[Extracted records]
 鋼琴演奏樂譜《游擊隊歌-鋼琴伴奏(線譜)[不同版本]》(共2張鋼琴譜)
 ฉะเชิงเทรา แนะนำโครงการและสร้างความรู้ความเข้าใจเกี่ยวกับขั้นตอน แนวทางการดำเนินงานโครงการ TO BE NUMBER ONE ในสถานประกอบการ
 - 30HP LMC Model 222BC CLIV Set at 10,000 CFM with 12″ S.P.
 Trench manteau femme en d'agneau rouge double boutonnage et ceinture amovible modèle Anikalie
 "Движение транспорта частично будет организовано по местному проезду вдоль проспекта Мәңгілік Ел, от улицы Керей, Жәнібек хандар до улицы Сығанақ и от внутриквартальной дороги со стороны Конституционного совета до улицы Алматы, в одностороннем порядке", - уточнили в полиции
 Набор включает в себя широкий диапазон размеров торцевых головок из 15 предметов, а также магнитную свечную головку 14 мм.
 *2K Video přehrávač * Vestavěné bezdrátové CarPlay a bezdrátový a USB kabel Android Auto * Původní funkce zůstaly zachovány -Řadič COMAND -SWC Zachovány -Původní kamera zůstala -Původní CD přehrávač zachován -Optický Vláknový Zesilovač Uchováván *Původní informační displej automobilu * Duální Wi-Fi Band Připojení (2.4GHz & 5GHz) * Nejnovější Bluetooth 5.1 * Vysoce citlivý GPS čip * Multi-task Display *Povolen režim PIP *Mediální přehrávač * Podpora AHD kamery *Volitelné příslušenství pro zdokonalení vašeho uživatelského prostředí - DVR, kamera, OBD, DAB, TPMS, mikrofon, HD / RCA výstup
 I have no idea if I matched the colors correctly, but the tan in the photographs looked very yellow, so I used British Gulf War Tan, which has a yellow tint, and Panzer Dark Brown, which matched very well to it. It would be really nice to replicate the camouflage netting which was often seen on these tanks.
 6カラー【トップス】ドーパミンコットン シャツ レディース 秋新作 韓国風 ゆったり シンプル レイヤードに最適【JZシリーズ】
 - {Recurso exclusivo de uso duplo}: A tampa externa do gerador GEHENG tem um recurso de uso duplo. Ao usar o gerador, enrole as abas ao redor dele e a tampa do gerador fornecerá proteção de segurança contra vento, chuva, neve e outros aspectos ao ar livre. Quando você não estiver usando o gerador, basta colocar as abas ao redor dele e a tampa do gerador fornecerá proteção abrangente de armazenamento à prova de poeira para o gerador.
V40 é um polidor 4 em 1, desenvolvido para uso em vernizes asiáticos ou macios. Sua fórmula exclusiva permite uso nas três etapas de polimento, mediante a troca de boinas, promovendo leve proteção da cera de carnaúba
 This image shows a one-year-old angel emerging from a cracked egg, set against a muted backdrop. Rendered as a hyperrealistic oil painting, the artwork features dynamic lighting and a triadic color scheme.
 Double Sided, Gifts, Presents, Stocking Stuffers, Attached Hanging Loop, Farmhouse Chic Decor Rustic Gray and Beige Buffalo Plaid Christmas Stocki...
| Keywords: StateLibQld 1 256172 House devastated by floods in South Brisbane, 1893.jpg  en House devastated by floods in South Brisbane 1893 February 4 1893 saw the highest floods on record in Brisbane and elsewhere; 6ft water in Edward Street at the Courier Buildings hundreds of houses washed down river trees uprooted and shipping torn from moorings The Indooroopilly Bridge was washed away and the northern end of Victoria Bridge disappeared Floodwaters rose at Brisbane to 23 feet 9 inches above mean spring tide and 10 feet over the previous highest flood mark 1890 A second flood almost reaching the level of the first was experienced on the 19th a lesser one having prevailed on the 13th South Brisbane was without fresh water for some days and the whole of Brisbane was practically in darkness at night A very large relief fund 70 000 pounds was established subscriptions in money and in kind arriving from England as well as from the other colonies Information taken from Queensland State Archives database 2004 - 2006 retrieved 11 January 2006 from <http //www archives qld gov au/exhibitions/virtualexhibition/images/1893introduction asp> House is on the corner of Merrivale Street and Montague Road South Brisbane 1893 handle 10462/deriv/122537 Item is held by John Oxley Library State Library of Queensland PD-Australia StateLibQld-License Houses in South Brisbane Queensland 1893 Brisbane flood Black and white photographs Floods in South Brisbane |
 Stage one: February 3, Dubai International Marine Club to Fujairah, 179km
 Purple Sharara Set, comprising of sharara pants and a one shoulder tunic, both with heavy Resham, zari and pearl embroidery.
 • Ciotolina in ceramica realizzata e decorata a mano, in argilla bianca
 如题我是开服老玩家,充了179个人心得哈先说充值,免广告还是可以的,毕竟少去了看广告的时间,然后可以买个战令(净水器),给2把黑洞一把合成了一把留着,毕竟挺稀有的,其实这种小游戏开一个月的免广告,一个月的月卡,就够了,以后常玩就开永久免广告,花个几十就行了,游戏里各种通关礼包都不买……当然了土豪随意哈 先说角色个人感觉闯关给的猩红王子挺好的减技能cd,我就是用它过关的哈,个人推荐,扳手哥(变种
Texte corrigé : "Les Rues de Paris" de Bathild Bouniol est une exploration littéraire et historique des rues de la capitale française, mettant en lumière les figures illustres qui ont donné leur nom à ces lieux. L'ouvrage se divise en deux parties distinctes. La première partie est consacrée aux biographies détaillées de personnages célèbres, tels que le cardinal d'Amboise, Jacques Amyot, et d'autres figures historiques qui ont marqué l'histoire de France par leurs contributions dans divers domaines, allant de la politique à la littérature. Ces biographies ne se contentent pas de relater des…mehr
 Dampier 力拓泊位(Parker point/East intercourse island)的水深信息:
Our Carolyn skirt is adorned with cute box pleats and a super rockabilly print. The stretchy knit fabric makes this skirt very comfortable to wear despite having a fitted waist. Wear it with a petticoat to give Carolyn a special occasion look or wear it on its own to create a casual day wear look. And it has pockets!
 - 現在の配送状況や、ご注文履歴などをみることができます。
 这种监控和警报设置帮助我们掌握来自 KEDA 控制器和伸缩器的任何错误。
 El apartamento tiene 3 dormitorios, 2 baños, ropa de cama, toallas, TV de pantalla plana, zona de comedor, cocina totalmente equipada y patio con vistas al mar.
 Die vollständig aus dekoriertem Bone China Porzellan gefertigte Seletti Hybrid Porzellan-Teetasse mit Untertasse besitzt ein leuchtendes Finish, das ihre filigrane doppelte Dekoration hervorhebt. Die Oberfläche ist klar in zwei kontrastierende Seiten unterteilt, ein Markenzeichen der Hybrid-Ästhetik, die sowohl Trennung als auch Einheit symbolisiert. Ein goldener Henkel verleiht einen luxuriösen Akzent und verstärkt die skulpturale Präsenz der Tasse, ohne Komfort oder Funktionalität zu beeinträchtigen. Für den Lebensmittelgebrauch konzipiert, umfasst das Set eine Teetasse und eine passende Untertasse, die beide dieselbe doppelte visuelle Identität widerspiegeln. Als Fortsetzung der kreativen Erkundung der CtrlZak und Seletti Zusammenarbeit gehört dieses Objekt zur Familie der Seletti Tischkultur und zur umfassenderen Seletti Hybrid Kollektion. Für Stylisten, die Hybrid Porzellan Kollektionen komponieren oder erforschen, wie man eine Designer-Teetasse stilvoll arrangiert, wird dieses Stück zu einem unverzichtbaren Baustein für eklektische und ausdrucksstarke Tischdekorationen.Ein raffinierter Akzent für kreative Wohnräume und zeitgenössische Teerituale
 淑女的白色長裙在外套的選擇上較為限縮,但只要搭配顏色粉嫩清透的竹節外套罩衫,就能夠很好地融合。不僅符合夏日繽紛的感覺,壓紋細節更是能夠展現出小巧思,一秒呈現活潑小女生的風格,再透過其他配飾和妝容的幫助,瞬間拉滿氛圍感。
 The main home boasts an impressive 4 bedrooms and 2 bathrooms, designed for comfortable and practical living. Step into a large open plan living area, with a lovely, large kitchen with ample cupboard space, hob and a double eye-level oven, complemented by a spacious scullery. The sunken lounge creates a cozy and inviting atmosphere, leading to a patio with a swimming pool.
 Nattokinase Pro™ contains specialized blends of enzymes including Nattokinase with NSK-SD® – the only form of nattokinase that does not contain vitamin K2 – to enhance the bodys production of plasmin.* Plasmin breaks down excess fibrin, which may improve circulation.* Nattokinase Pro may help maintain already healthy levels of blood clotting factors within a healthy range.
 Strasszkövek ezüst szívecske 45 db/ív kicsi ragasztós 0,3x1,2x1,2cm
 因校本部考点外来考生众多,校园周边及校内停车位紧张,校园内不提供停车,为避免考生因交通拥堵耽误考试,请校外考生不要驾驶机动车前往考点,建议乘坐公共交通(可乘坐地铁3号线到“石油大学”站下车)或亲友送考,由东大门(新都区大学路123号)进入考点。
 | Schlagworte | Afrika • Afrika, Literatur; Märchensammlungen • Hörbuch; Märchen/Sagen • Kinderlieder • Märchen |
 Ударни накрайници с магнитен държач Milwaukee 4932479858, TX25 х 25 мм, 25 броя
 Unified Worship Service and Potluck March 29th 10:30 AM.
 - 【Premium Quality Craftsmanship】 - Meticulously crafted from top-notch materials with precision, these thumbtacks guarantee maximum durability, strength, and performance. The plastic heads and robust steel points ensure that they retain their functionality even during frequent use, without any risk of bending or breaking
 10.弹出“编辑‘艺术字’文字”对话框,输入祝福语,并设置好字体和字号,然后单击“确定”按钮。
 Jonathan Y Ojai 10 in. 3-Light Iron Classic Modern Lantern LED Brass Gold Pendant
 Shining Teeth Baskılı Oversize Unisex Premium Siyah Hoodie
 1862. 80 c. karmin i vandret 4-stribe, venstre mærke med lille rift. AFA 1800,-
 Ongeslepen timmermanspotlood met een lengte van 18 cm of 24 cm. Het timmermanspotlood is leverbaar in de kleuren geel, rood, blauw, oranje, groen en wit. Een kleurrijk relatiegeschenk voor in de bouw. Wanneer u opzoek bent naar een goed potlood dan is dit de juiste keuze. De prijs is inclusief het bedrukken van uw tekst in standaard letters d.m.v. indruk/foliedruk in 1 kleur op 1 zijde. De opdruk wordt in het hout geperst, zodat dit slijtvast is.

* **Directions**: Search the records for the word "Premium" and return every line that holds it.

* **Written solution**:
 - 【Premium Quality Craftsmanship】 - Meticulously crafted from top-notch materials with precision, these thumbtacks guarantee maximum durability, strength, and performance. The plastic heads and robust steel points ensure that they retain their functionality even during frequent use, without any risk of bending or breaking
 Shining Teeth Baskılı Oversize Unisex Premium Siyah Hoodie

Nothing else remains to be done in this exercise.